Prothero, Donald R. Occidental College, Los Angeles, California.
- Anatomy and physiology
- Reproduction and classification
- Additional Readings
The dominant group (class) of vertebrates. Members of the class Mammalia, that is, mammals, have ruled the planet Earth since the extinction of the dinosaurs approximately 65 million years ago. There are more than 4200 living species of mammals, classified into more than 1000 genera, 140 families, and 18 orders (Fig. 1). However, the number of extinct mammals is at least five times as great. Most living mammals are terrestrial, including such large beasts as elephants, rhinos, hippos, and giraffes, as well as a great diversity of smaller land animals. The largest known land mammal was the extinct 20-ton hornless rhino Paraceratherium. Many groups of mammals moved to the water from land-dwelling ancestors.
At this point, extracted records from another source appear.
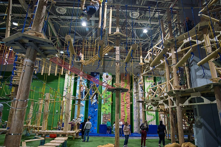 Веревочные трассы: маршруты разной сложности, от простых для детей до сложных для подростков и взрослых.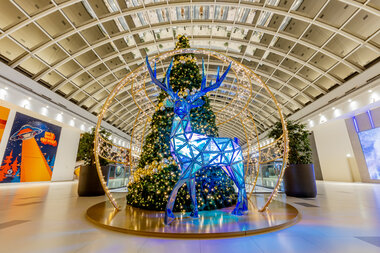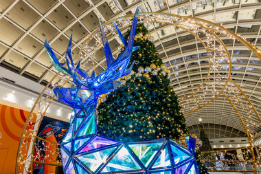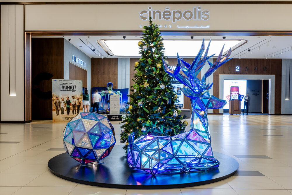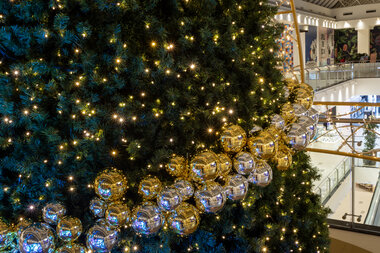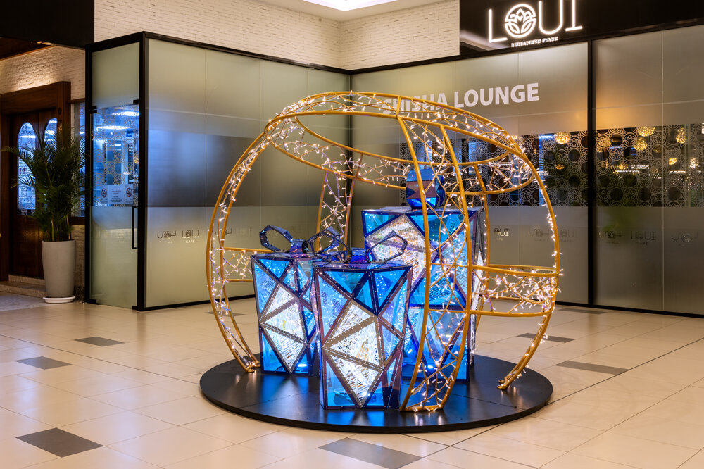 Christmas decorations from the future. A holographic element refracts the spectrum of light and the same spot of glitter reflects the entire colour spectrum. Depending on the angle of light, the decoration appears red, blue, green, purple or yellow. From this point of view, the holographic New Year concepts are reflective and glittering, representing a variety of colourful New Year's wishes. The multicultural visitors will flock around this unified concept with the beautiful iconic New Year designs of trees, presents, reindeer and bubbles.
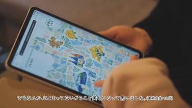 画面を指先で拡げていくと、福島県民およそ200人による「ふくしま」を表現した言葉が散りばめられていることがわかります。

These included manatees and dugongs (which are distantly related to elephants), otters (which are related to weasels), seals, sea lions, and walruses (which are distantly related to bears), and whales (which are distantly related to even-toed hoofed mammals), as well as numerous extinct groups. The living blue whale [reaching 30 m (100 ft) in length and 150 tons] is by far the largest animal that has ever lived. Mammals have also taken to the air, with over 920 living species of bats, as well as numerous gliding forms such as the flying squirrels, phalangerid marsupials, and flying lemurs or colugos. Mammals are even more successful at small body sizes, with hundreds of small species of rodents, rabbits, and insectivores. The smallest living mammal, the 1.5-g Kitti's hognosed bat, is at the lower limit of body size for mammals, since physiology and anatomy prevent them from thriving in the tiny-body-size niche inhabited by insects and other arthropods.